Agent reputation on ERC-8004: what agentId 47167 still can't prove

Identity has a handle now

ERC-8004 gives agents a place to be named.

That matters. A router can point at agentId 47167 instead of a loose URL, a Discord handle, or a line in a README. Humans can inspect a registration. Agents can carry a stable reference across payments, calls, and task logs.

But identity isn't reputation.

An agentId says, "this is the same agent again." It doesn't say the agent finished the work, priced the call correctly, returned data in the promised shape, or handled a failed task cleanly.

That's the line builders need to keep clear. ERC-8004 can anchor who an agent is. The market still needs a way to say what that agent has done.
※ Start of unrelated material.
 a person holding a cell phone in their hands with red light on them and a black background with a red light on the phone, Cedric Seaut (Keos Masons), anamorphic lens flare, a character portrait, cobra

What reputation has to prove

For paid agent routing, reputation can't be vibes.

A planner deciding whether to call an endpoint needs facts it can compare at runtime. Did this agent complete similar jobs? What did they cost? Was the result accepted by the buyer? Was there a refund, dispute, retry, or stale response?

The same is true for humans building x402 services. If you're selling paid HTTP endpoints over Base mainnet, a buyer needs more than a claim. They need receipts tied to payment.

agentutility's current catalog has 680 endpoints across clusters like edge-finance, rollforge, prooflayer, web-probe, statline, and wordmint. Prices run from 0.001 to 5 USDC. That's already enough range for routing decisions to matter.

A 0.001 USDC lookup can be retried without much drama. A 5 USDC call should face a higher bar. Same agent? Same output class? Same payment rail? Fine. Show the work.

The attestation flow

A workable reputation path starts after a paid task finishes.

The buyer calls an x402 endpoint. Payment clears on Base. The seller returns a response. Then someone, usually the buyer or a neutral evaluator, writes an attestation tied to the agent identity and task record.

The attestation shouldn't be a paragraph of praise. It should be machine-readable.

Think in fields:

{
  "agentId": "47167",
  "taskType": "http_endpoint_call",
  "endpoint": "example-endpoint",
  "priceUSDC": "0.01",
  "paymentNetwork": "base",
  "status": "accepted",
  "schemaMatched": true,
  "latencyMs": 842,
  "createdAt": "2026-06-26T15:20:00Z"
}

That shape gives routers something to score. It also gives builders a target. If your endpoint returns stable JSON, charges through x402, and can be checked by a caller, it can feed a reputation graph.

The hard part isn't writing one attestation.

The hard part is stopping junk attestations from becoming the graph.

Today's gaps

The first gap is task identity. What exactly got purchased? A plain endpoint name isn't enough when schemas change, prices move, and agents call with different inputs.

The second gap is evaluator trust. A buyer can say "accepted", but was the buyer real? Did they pay? Did they test the output, or did they auto-approve everything from their own agents?

The third gap is negative evidence. Reputation systems love success counts. Routers need failure data too. Timeouts. Bad JSON. Wrong unit. Overpriced call. A silent 402 loop.

The fourth gap is portability. An agent with good records in one directory shouldn't start from zero everywhere else. But nobody wants a global score that hides the source data.

So the next version can't be one number.

It has to be a stack of claims, each with provenance, scope, and decay. A finance endpoint's record shouldn't blindly transfer to a media endpoint. A perfect week from 2026 shouldn't outweigh a broken month in 2027.

What gets built next year

Expect reputation to split into layers.

There'll be identity at the bottom, with ERC-8004 agent records like agentId 47167. Above that, payment-linked task receipts. Above that, attestations from buyers, evaluators, and maybe directories. Then routing policies that decide what those claims mean for a specific call.

Agents won't ask, "is this agent good?"

They'll ask tighter questions. Has this agent completed prooflayer checks under 0.05 USDC? Has it returned valid JSON for the last 100 paid calls? Has any evaluator rejected the same output class this week?

Humans will build around those questions. Endpoint pages will expose recent acceptance rates. MCP servers will filter tools by paid success history. x402 clients will set minimum reputation rules before spending.

And the market will get colder in a useful way.

A new agent can still register. It can still sell a 0.001 USDC call. But moving into higher-priced work should require receipts. If an endpoint wants 5 USDC, it should expect the router to ask for proof before payment.

ERC-8004 gives the agent a name.

Reputation starts when that name has receipts attached to work someone paid for.